Data supplied:
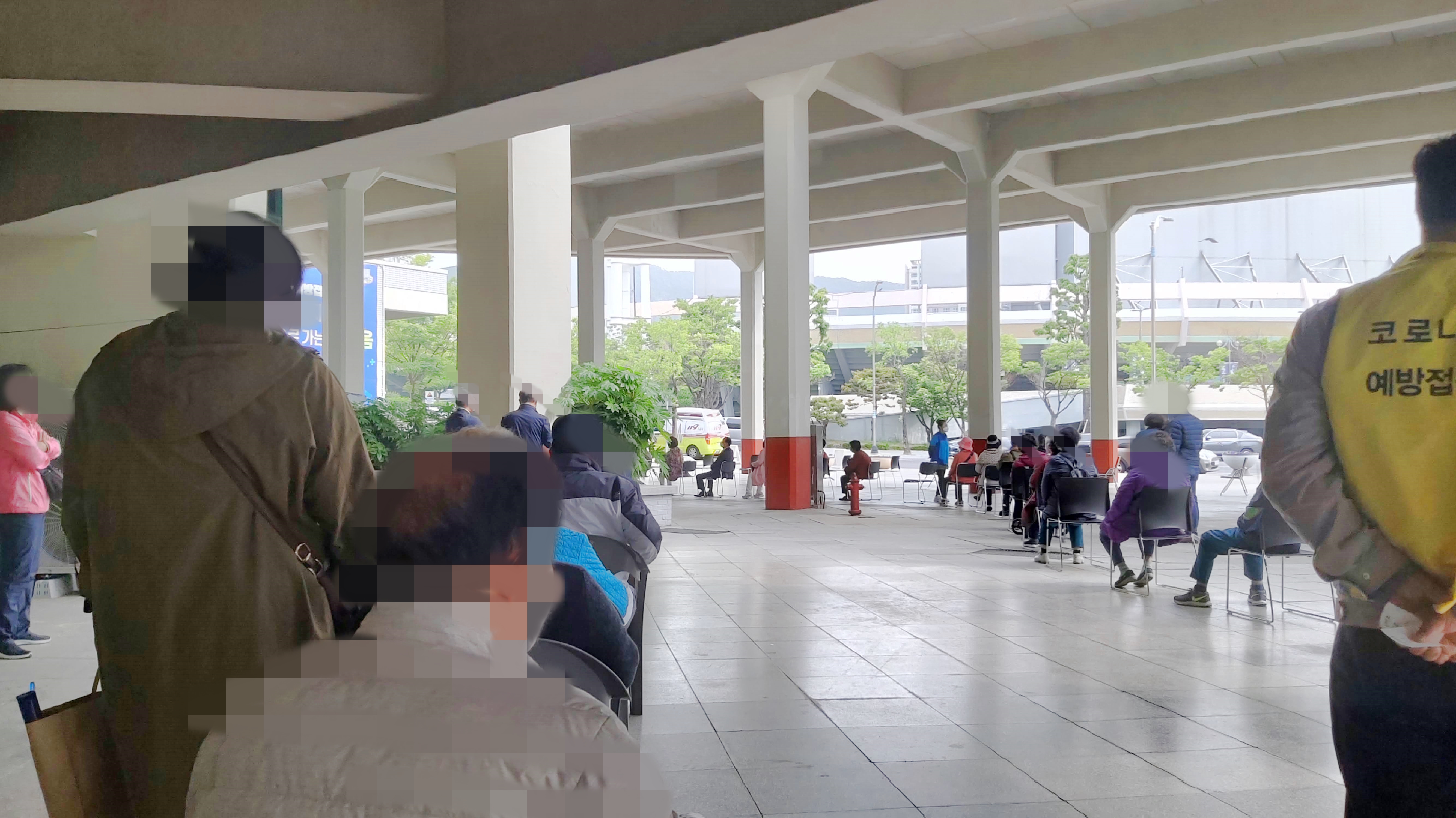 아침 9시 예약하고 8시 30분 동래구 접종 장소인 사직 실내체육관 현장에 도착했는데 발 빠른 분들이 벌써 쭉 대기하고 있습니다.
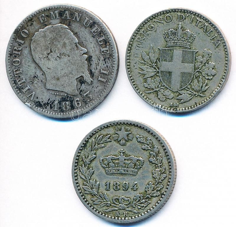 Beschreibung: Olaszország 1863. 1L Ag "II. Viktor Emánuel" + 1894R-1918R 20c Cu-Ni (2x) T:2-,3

==

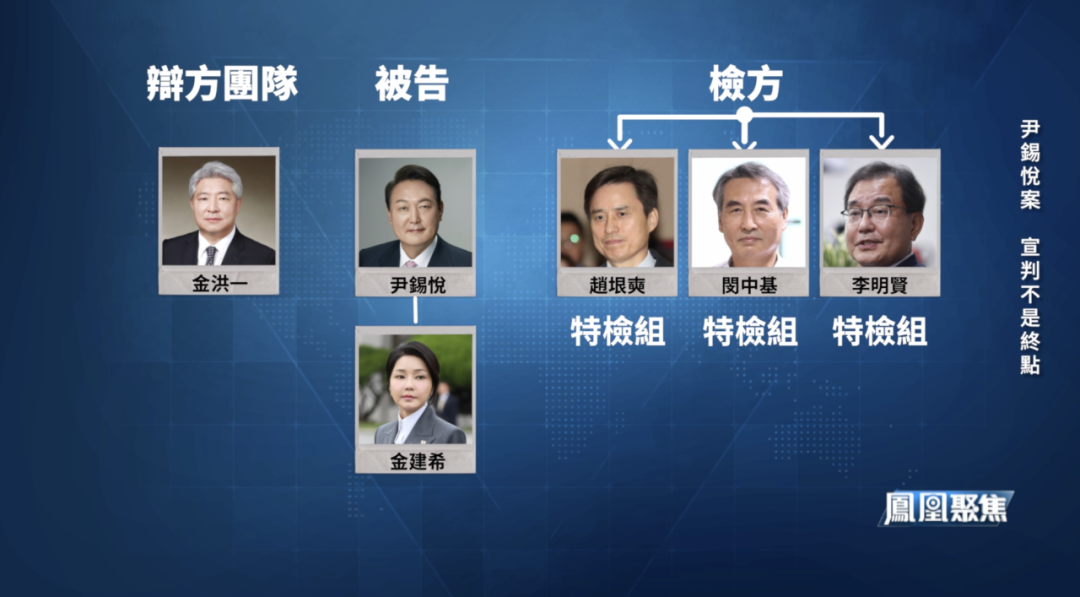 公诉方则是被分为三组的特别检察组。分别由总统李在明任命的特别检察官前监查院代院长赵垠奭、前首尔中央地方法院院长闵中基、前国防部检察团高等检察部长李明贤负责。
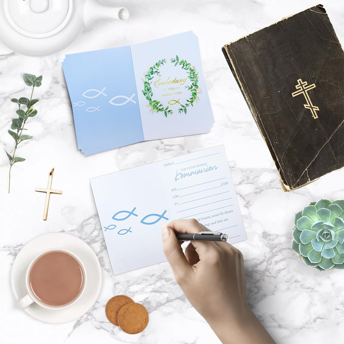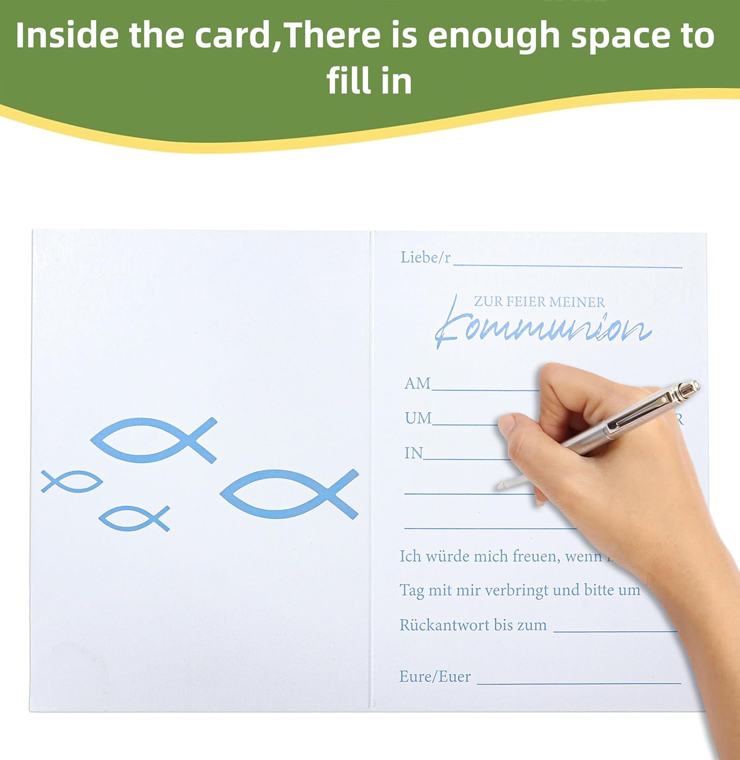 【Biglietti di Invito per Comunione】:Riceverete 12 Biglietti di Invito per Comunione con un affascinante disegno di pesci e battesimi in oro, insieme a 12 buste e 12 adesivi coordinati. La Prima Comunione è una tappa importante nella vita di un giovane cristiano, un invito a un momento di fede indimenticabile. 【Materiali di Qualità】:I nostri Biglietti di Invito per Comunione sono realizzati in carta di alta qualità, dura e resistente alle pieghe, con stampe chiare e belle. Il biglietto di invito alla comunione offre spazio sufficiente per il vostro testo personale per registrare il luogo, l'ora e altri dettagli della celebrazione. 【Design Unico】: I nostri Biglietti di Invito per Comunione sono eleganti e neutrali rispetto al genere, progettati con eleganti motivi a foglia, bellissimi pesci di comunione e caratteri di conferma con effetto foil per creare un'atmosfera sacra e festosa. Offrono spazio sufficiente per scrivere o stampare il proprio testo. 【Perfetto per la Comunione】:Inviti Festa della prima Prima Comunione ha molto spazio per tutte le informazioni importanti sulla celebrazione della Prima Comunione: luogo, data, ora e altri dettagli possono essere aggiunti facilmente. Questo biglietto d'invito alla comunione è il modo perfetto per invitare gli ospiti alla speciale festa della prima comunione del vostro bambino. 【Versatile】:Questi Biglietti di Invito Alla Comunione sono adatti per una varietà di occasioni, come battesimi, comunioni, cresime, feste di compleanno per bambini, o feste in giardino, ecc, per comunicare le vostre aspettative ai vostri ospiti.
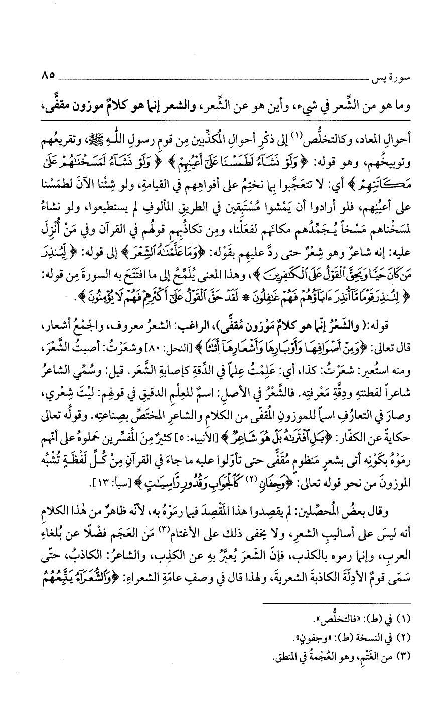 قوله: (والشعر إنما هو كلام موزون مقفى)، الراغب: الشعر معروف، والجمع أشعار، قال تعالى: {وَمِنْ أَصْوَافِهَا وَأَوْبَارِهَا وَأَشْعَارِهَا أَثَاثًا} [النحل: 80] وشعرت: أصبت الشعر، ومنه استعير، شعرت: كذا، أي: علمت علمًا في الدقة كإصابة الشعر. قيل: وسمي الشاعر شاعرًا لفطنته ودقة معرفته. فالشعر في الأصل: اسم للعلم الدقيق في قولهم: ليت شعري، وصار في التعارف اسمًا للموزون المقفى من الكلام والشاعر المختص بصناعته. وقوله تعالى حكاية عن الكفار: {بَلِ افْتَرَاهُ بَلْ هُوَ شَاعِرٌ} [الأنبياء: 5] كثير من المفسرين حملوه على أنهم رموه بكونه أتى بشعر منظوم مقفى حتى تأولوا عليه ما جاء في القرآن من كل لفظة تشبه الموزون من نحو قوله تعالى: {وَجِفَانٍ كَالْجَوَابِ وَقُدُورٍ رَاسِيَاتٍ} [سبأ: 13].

---

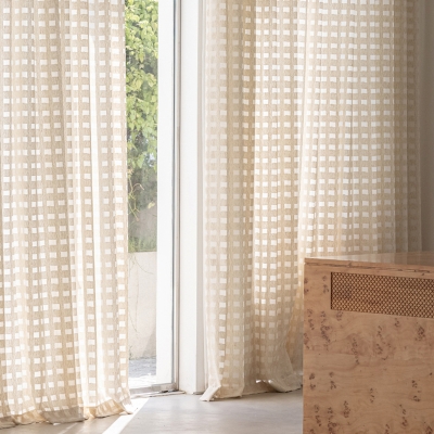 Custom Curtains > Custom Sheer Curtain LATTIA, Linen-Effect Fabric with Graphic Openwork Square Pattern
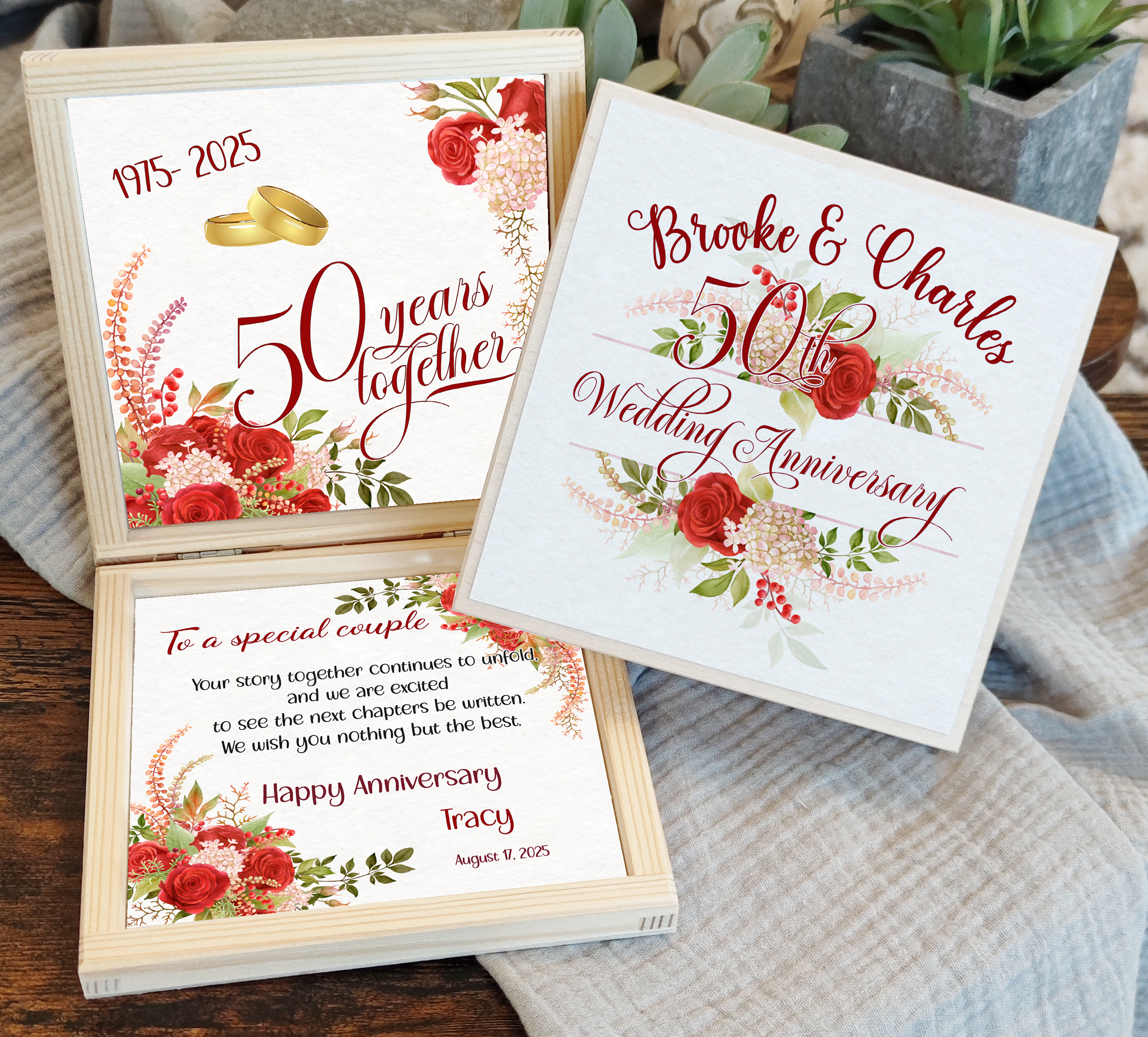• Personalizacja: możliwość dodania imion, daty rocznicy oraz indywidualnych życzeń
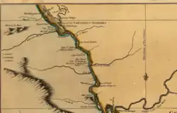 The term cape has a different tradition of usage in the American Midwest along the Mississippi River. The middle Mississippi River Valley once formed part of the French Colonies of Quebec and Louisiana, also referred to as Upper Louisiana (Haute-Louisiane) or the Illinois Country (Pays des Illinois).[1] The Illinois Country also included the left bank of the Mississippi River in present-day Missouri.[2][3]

Work order:
Take the material above and output only the lines from the one that contains "아침 9시 예약하고 8시" through the one that contains "Beschreibung: Olaszország 1863.", ends included and images left out.

Response to the exercise:
 아침 9시 예약하고 8시 30분 동래구 접종 장소인 사직 실내체육관 현장에 도착했는데 발 빠른 분들이 벌써 쭉 대기하고 있습니다.
 Beschreibung: Olaszország 1863. 1L Ag "II. Viktor Emánuel" + 1894R-1918R 20c Cu-Ni (2x) T:2-,3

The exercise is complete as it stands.